PROVIDED DATA:
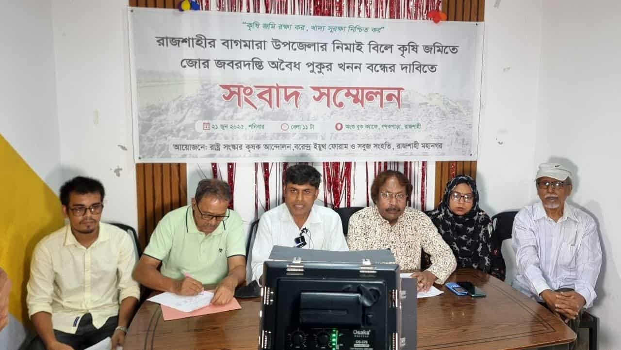 সংবাদ সম্মেলন থেকে জানানো হয়েছে, রাজশাহীর বিভিন্ন উপজেলার পাশাপাশি বাগমারা উপজেলার নিমাই বিলের কৃষিজমিতে জোর জবরদস্তি অবৈধ পুকুর খননের মহোৎসব চলছে। কৃষি জমি রক্ষায় এ বিষয়টি নিয়ে ৪/৫ মাস যাবৎ প্রশাসনের দৃষ্টিতে আনার জন্য মানববন্ধন, স্মারকলিপি প্রদান করা হয়েছে। এর পরেও কোন প্রতিকার না পেয়ে গত- ১৯ মার্চ ২০২৫ তারিখে “বিজ্ঞ রাজশাহী সিনিয়র জুডিশিয়াল ম্যাজিস্ট্রেট বাগমারা আমলী”- আদালতে একটি মামলা করা হয়। মামলা নম্বর: সি.আর কেস নং-৩৪৭/২০২৫ (বাগমারা)। বাগমারা উপজেলার এসি-ল্যান্ড বরাবর মামলাটির তদন্তভার রয়েছে। একই বিষয়ে কোন অগ্রগতি না ঘটলে গত ৮ এপ্রিল ২০২৫ তারিখে মহামান্য হাইকোর্ট বিভাগে একটি রিট-পিটিশন দেওয়া হয় এবং এই রিটে বাগমারা উপজেলায় পুকুর খননে স্থগিতাদেশ সহ রাজশাহী জেলা প্রশাসক, ইউএনও, এসি-ল্যান্ড কে কার্যকর পদক্ষেপ গ্রহণে নির্দেশনা প্রদান করা হয়।
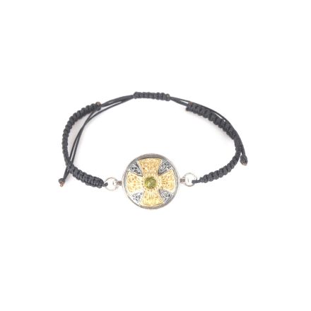 Pulsera de cordón con Dije Plata baño de Oro 18kt y piedra Semi preciosa.
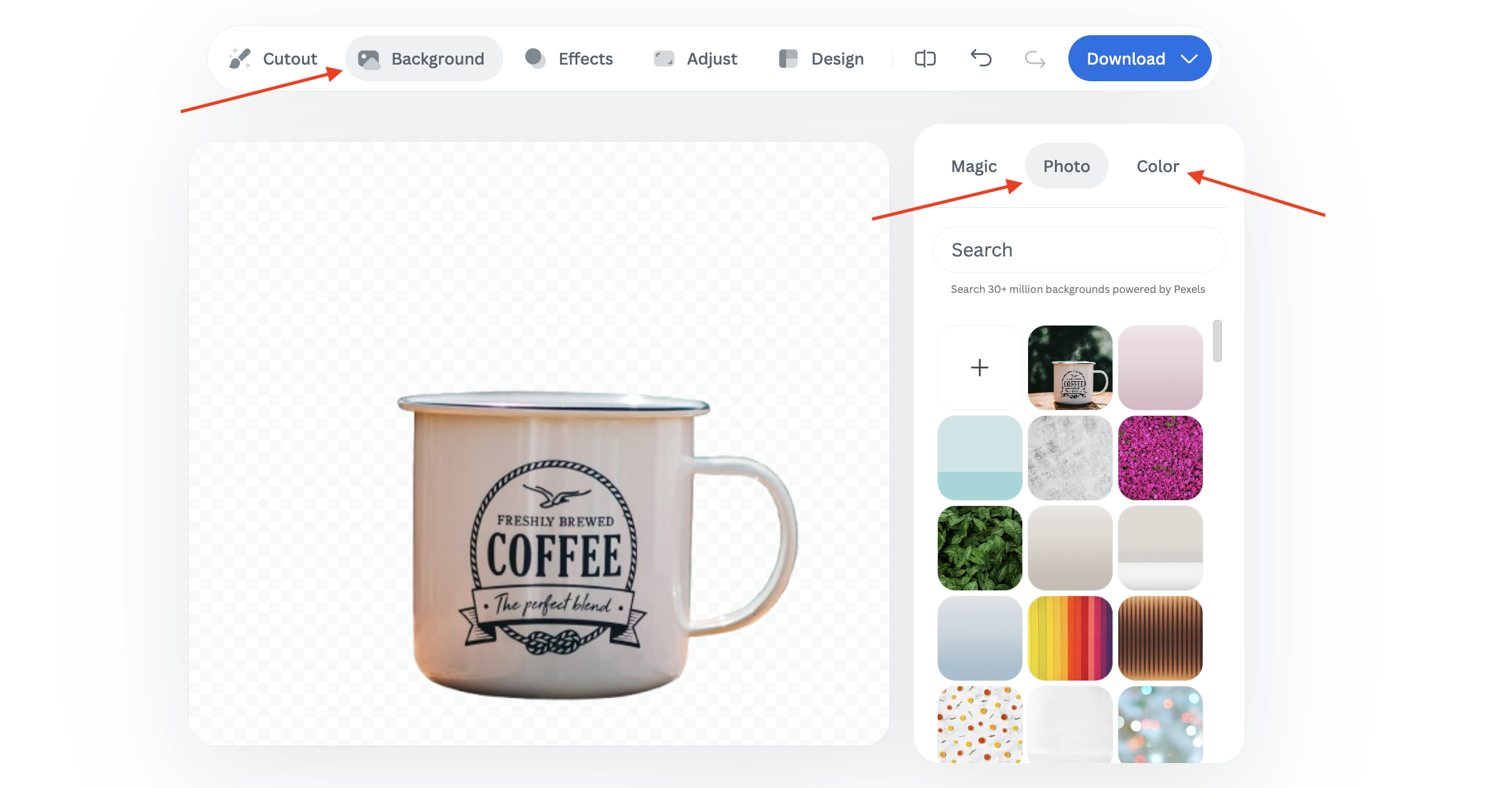 Click on the “Background” tab to choose between a solid color or a photo background.

TASK: In the reply, each line of the data must appear exactly as written, and no picture may appear.

TASK OUTPUT:
 সংবাদ সম্মেলন থেকে জানানো হয়েছে, রাজশাহীর বিভিন্ন উপজেলার পাশাপাশি বাগমারা উপজেলার নিমাই বিলের কৃষিজমিতে জোর জবরদস্তি অবৈধ পুকুর খননের মহোৎসব চলছে। কৃষি জমি রক্ষায় এ বিষয়টি নিয়ে ৪/৫ মাস যাবৎ প্রশাসনের দৃষ্টিতে আনার জন্য মানববন্ধন, স্মারকলিপি প্রদান করা হয়েছে। এর পরেও কোন প্রতিকার না পেয়ে গত- ১৯ মার্চ ২০২৫ তারিখে “বিজ্ঞ রাজশাহী সিনিয়র জুডিশিয়াল ম্যাজিস্ট্রেট বাগমারা আমলী”- আদালতে একটি মামলা করা হয়। মামলা নম্বর: সি.আর কেস নং-৩৪৭/২০২৫ (বাগমারা)। বাগমারা উপজেলার এসি-ল্যান্ড বরাবর মামলাটির তদন্তভার রয়েছে। একই বিষয়ে কোন অগ্রগতি না ঘটলে গত ৮ এপ্রিল ২০২৫ তারিখে মহামান্য হাইকোর্ট বিভাগে একটি রিট-পিটিশন দেওয়া হয় এবং এই রিটে বাগমারা উপজেলায় পুকুর খননে স্থগিতাদেশ সহ রাজশাহী জেলা প্রশাসক, ইউএনও, এসি-ল্যান্ড কে কার্যকর পদক্ষেপ গ্রহণে নির্দেশনা প্রদান করা হয়।
 Pulsera de cordón con Dije Plata baño de Oro 18kt y piedra Semi preciosa.
 Click on the “Background” tab to choose between a solid color or a photo background.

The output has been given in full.